Return, exactly as written, the line containing "Or on retrouve" and every line after it to the end of the records below, with no pictures.

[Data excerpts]
*** Begin section ***

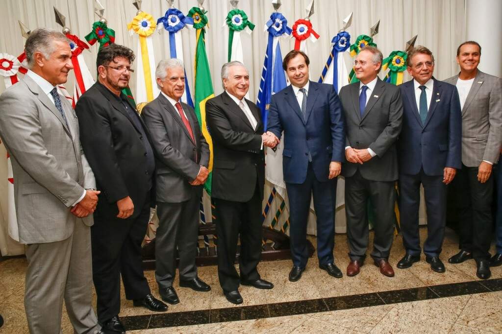 Horas depois de assumir como presidente da República, após a confirmação do impeachment de Dilma Rousseff no Senado, Michel Temer transmitiu, na noite desta quarta-feira, o cargo ao presidente da Câmara dos Deputados, Rodrigo Maia (DEM-RJ), na Base Aérea de Brasília (DF).
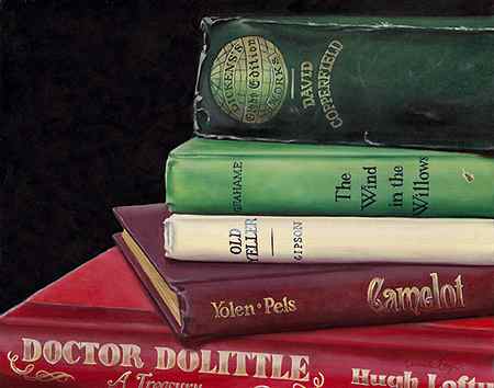 Other artists of the exhibit also bring fascinating and fresh eyes to the world of still lifes. Soon Warren, a native of South Korea and resident of Fort Worth, renders her works in oil on canvas. Her favorite subjects are fruit and flowers from her garden. "I'm inspired by the beauty and complexity of nature and our surroundings. I try to paint the essence of the subjects and my sincere feelings for nature," she remarks. Ms. Warren is a signature member of the National Watercolor Society, the Southern Watercolor Society, and the Texas Watercolor Society. (left: Camille Engel, Chilhood Classics, Oil on panel)
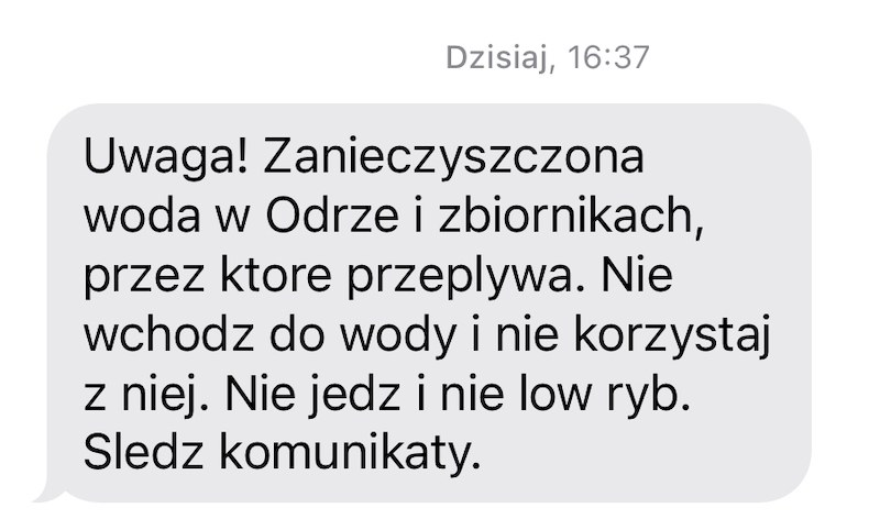 "Uwaga! Zanieczyszczona woda w Odrze i zbiornikach, przez które przepływa. Nie wchodź do wody i nie korzystaj z niej. Nie jedz i nie łów ryb. Śledź komunikaty" - poinformowano w wiadomości tekstowej.
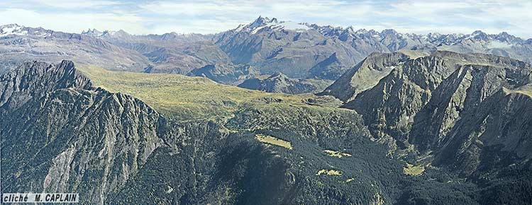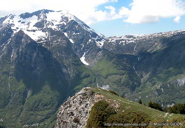 Or on retrouve la surface de cette pénéplaine, à l'état de fragments toujours presque horizontaux, 700 m plus haut, sur les crêtes du Taillefer : cela résulte à l'évidence du jeu d'une importante faille.
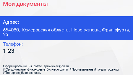 Мои документы по адресу 654080, Кемеровская область, Новокузнецк, Франкфурта, 9а в дальнейшем Организация, размещена в следующих категориях:
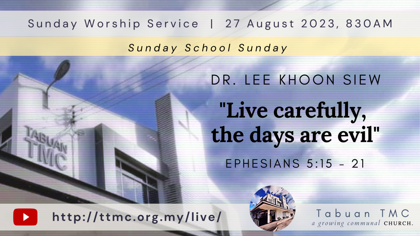 Read MoreDate: 27.08.2023 Time: 8:30AM Preacher: Dr. Lee Khoon Siew Scripture Verses: Ephesians 5:15 – 21 Sermon: “Live carefully, the days
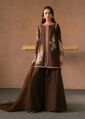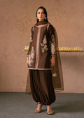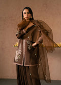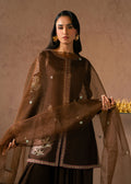 A sheer organza dupatta in matching brown completes the ensemble, lightly embellished and draped effortlessly over the shoulders for an ethereal touch.
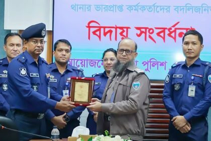চাঁদপুর জেলা পুলিশের উদ্যোগে বদলিজনিত বিদায় সংবর্ধনায় সম্মাননা পেলেন মতলব উত্তর থানার…

*** End section ***

Task result.
 Or on retrouve la surface de cette pénéplaine, à l'état de fragments toujours presque horizontaux, 700 m plus haut, sur les crêtes du Taillefer : cela résulte à l'évidence du jeu d'une importante faille.
 Мои документы по адресу 654080, Кемеровская область, Новокузнецк, Франкфурта, 9а в дальнейшем Организация, размещена в следующих категориях:
 Read MoreDate: 27.08.2023 Time: 8:30AM Preacher: Dr. Lee Khoon Siew Scripture Verses: Ephesians 5:15 – 21 Sermon: “Live carefully, the days
 A sheer organza dupatta in matching brown completes the ensemble, lightly embellished and draped effortlessly over the shoulders for an ethereal touch.
চাঁদপুর জেলা পুলিশের উদ্যোগে বদলিজনিত বিদায় সংবর্ধনায় সম্মাননা পেলেন মতলব উত্তর থানার…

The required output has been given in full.